Text classification typically involves assigning a document to a category by automated or human means. LingPipe provides a classification facility that takes examples of text classifications--typically generated by a human--and learns how to classify further documents using what it learned with language models. There are many other ways to construct classifiers, but language models are particularly good at some versions of this task.
什么是文本分类?
文本分类通常指的是把一个文档自动或者按照人的意愿去归类。LingPipe 提供了基于人为已经分好类的文本根据语言模型去学习自动分类。
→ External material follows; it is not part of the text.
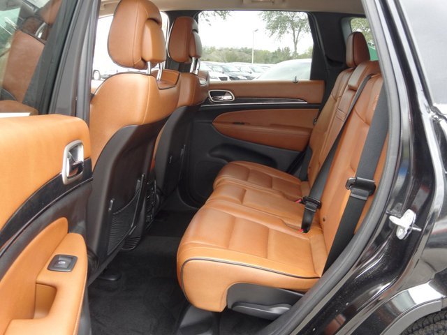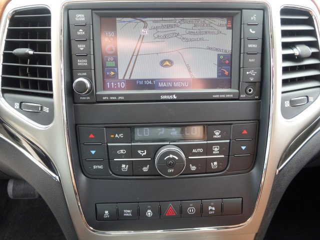 The options and features include: Advanced Multi-Stage Frontal Airbags, Front Seat-Mounted Side Airbags, Front/Rear Side Curtain Airbags, Parksense Rear Park Assist System, Parkview Rear Back-Up Camera, SentryKey Immobilizer & Security Alarm, AM/FM/CD/DVD/HDD/MP3 Player, Automatic Dual-Zone Temperature Control, Driver Seat/Radio/Mirror Memory System, Electronic Speed Control, Garmin Navigation System, Power Door Locks, Power Heated/Ventilated Front Seats, Power Liftgate, Power Tilt/Telescopic Steering Wheel, Power Windows w/One-Touch Up/Down, Premium Leather-Trimmed Upholstery, Uconnect Hands-Free Phone Capability, Universal Garage Door Opener, Voice Recognition System, Dual-Pane Panoramic Sunroof w/Power Sunshade, Keyless Enter'n Go System, Power Heated Multi-Function Exterior Mirrors, Rain Sensitive Windshield Wipers, Remote Start System, 4-Wheel Disc Anti-Lock Brakes, Brake Assist, Electronic Stability Control, Hill Start Assist, Quadra-Drive II 4-Wheel Drive System, Quadra-Lift Air Suspension System, Sequential Multi-Port Electronic Fuel Injection

有很多方法都可以构建分类器,但是语言模型对于分类器的构建很有帮助。
A publicly available data set to work with is the 20 newsgroups data available from the20 Newsgroups Home Page
从这可以下载一个包含20个新闻包的公开数据集。
We have included a sample of 4 newsgroups with the LingPipe distribution in order to allow you to run the tutorial out of the box. You may also download and run over the entire 20 newsgroup dataset. LingPipe's performance over the whole data set is state of the art.
为了让用户能够顺利的看着本教程运行LingPipe的发布版本,我们的例子里面已经包含了4个新闻包。你也可以下载完整的新闻包(20个)然后在完整的数据集上运行LingPipe。LingPipe运行在完整的数据集上的效果会更好。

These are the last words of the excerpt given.